A Hundred Words for Snow

A Hundred Words for Snow

Trafalgar Studios

Reviewed – 7th March 2019

★★★★★

 

“heaps of honesty and bone-dry comedy”

 

I feel a little panic entering a theatre for a one-person play to find a seemingly basic set design. My natural inclination is to want as much distraction from the solitariness of the person on stage as possible – multiple pieces of furniture to move around on, lots of little props to play with, all so we can avoid eye contact and the general intensity that comes from silently praying that this one person will remember their seventy five minute monologue. In this case, the set is a curved white wall with various white blocks, all overlaid by a partial map, and that’s all. Not much of a give-away and certainly not much in the way of distraction.

But as it transpires, there’s no need. Fifteen-year old Rory (Gemma Barnett) saunters on stage and begins talking so casually, she might have been mid-conversation with an old friend. She starts at the end – in a helicopter flying over the North Pole with her dad’s ashes and her mum sobbing – and then continues on to the beginning – a completely commonplace death (a hit-and-run) of a nice and outwardly ordinary Geography teacher, who also happens to be Rory’s dad. Thereafter unfolds the journey from funeral to helicopter.

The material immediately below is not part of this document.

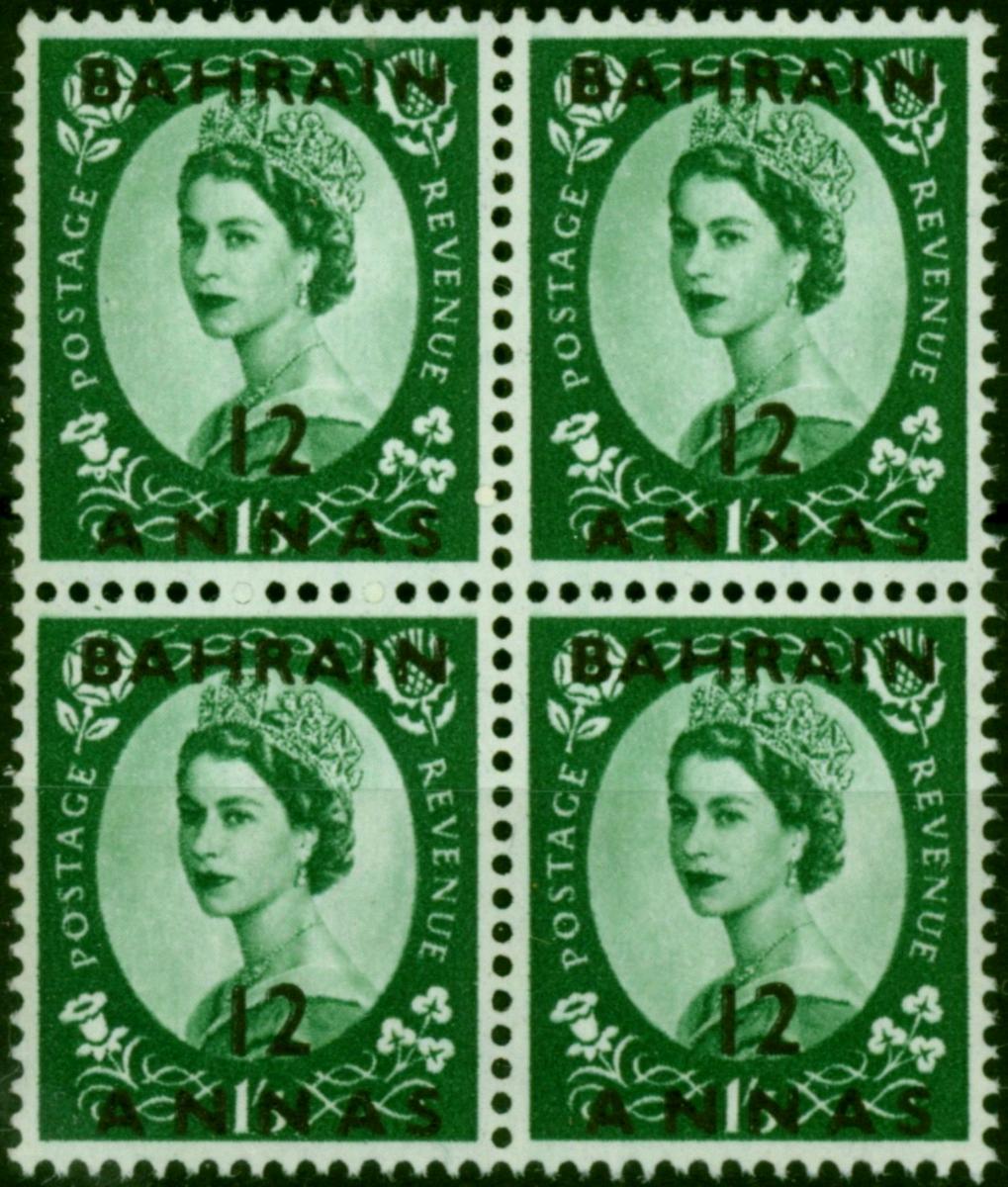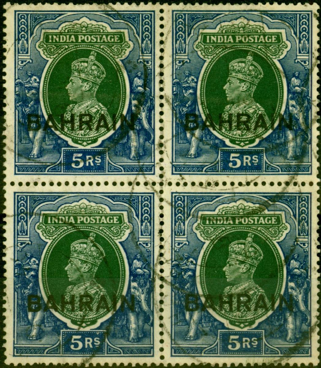 Bahrain 1940 5R Green & Blue SG34 Fine Used Block of 4

There is a whole lot of room in this plotline for saccharine catharsis and maudlin sentiment, but Tatty Hennessy’s writing is so perfectly British, deftly avoiding the more obvious route of overly stated loss with heaps of honesty and bone-dry comedy. Lucy Jane Atkinson’s direction sees Barnett deliver the entire play with impossible ease. She repeatedly teeters on the edge of mourning relief and repeatedly pulls back, making the few moments of emotional exposure all the more poignant. The script is also sneakily quite educational; I’ve now got a whole bank of fun facts about the north pole- my favourite involves a chisel made of poo.

Christianna Mason’s design is clean and simple – the camouflaged blocks house the few props used, as well as doubling as beds and chairs when required. But that’s all. And in fact, any more would have felt superfluous and distracting. The sound (Mark Sutcliffe) and lighting (Lucy Adams) follow suit, appearing sparingly and to great effect.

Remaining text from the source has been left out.